Schematic illustration of AChE phosphonylation by soman, re-activation by pralidoxime (2-PAM) and subsequent irreversible aging.

Figure 2

Illustration of overall secondary structure of the non-aged soman inhibited AChE (PDB ID: 2WFZ). The catalytic triad and the covalently bound soman are shown in ball-stick representation and are enlarged to the right panel.

Figure 3

Previously suggested aging reaction mechanisms for soman inhibited AChE.

Figure 4

Illustration of the characterized aging reaction mechanism of soman-phosphonylated AChE.

Figure 5

Free energy profiles for the methyl migration step of aging reaction for the unprotonated Glu199 (red), Glu199Gln mutant (blue) and the protonated Glu199 (green) AChE models. The reaction coordinate was chosen as the difference between two bond lengths: RC = d(somanCβ…somanC5) − d(somanCα…somanC5). The total length of ab initio QM/MM MD simulations for this reaction path is 1.04 ns (Unprotonated Glu199: 20 windows * 20 ps each; Glu199Gln mutant: 17 windows * 20 ps each; protonated Glh199: 16 windows * 20 ps each).

Figure 6

Illustration of key structures along the methyl migration step of aging reaction: (a) unprotonated Glu199, (b) Glu199Gln mutant and (c) protonated Glh199 models. S.S200 is the soman modified serine residue. The labeled distances (A) are averages and standard deviations calculated along the last 15 ps of 20 ps QM/MM MD simulations.

Figure 7

Hydrogen bond network of non-aged soman inhibited AChE active site (a) unprotonated Glu199, (b) Glu199Gln mutant and (c) the protonated Glh199 models. Shown configurations correspond to the 5 ns snapshot from atomistic MD simulation. S.S200 refers the soman modified serine residue. The labeled distances (A) are averages and standard deviations calculated along 20 ns atomistic MD simulations. W1206 in panel (a) is only stable for ~10 ns after which it moves further away from the vicinity of the active site. Hence the average reported in italics for W1206 distance is only for the first 10ns.

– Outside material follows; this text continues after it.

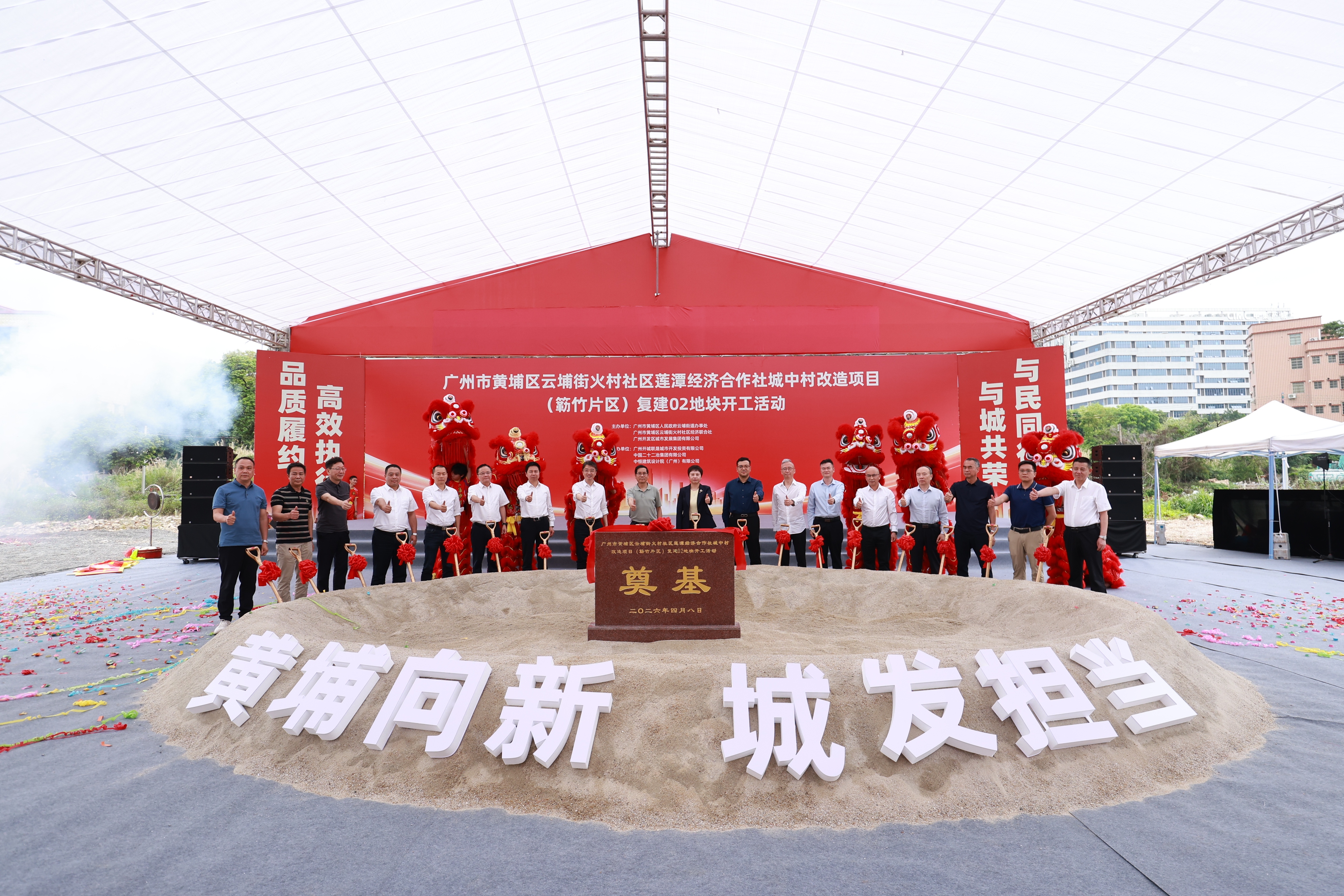 短短三个月,黄埔新增13个项目地块动工。图为黄埔火村(簕竹片区)02地块开工活动现场。李剑锋摄

Figure 8. Protonated Glh199 model

Free energy profile for hydration of 2,3-dimethyl-butyl carbenium ion. The reaction coordinate was chosen as the difference between two bond lengths: RC = d(watO-watH) − d(somanCβ…watO). The total length of ab initio QM/MM MD simulations for this reaction path is 220 ps (11 windows * 20 ps each).

Figure 9. Protonated Glh199 model

Illustration of key structures along hydration step of the aging reaction. S.S200 is the soman modified serine residue. The distances (A) are averages and standard deviations calculated along the last 15 ps of 20 ps QM/MM MD simulations.